А Степану с новой силой счастья захотелось — совсем уж несбыточного, какое у него могло быть с одной лишь Катериной. Слепая эта жажда была так велика, что снова, как два года назад, когда Степан из письма деда Василька впервые узнал, что семья его погибла, — снова не поверил он этому. Не могло этого быть, никак не могло. Просто не было этого — и все. Но неподвластная ему память тут же высветила порушенную Ольховку, оплывший холм братской могилы в овраге, — и вся невозможная эта правда снова настигла Степана и навалилась на него…

— Пойдем домой, — сказала Маница и первая шагнула навстречу празднику, что все еще шумел и горланил в доме.

И Степан послушно шагнул за ней, догнал и пошел рядом.

А может, просто поторопились они с Маницей? И не спеши они так, выжди подольше — и жизнь взяла бы свое и все у них сладилось бы? Что ж, может, и так. А теперь идти им по жизни врозь.

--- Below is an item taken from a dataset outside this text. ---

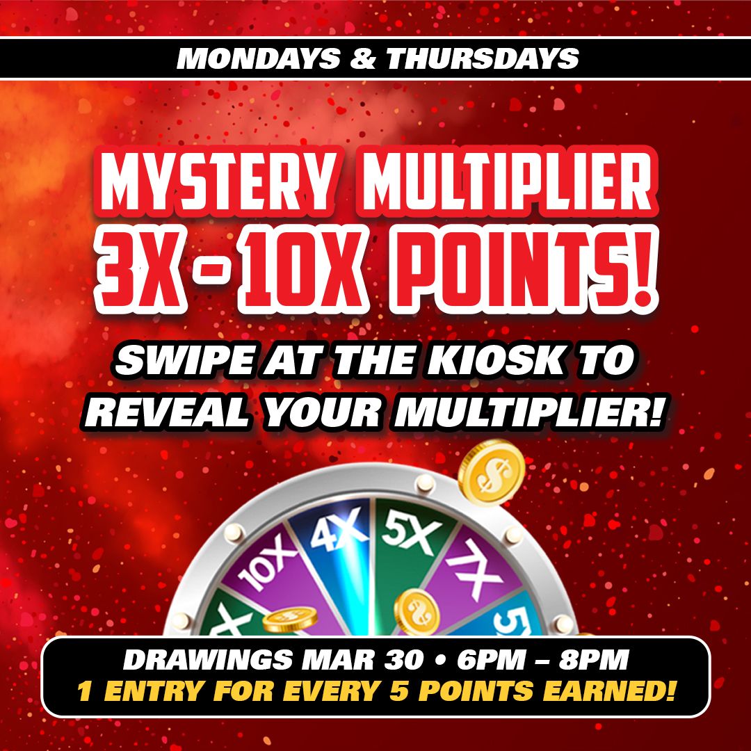 Win Cash, Free Play, Food Vouchers, Gift Cards or up to a 10x Multiplier!

Да и просто не годится теперь Степану жить под одной крышей с Маницей.

Ему припомнилась вдруг давешняя его задумка о том, как они с Маницей построят себе домишко и заживут самостоятельно, чтобы никому не докучать, — и Степан подивился недавней своей слепоте. Ишь, как он разбежался! А когда шаркали они ногами у крыльца, чтобы не тащить грязь в дом, совсем уж зряшная мыслишка шмыгнула у Степана: Манице так теперь и не узнать, что означает непонятное ей русское слово — разговеться. Сама она теперь не спросит, а ему и подавно негоже просвещать ее по этой части.

11

Они поднялись на веранду. В доме по-прежнему гремела музыка и топали неустающие, прямо-таки моторные танцоры. За время, что они были в саду, ничего тут не изменилось, вот только веселье размахнулось еще бесшабашней, набирая нетрезвую силу.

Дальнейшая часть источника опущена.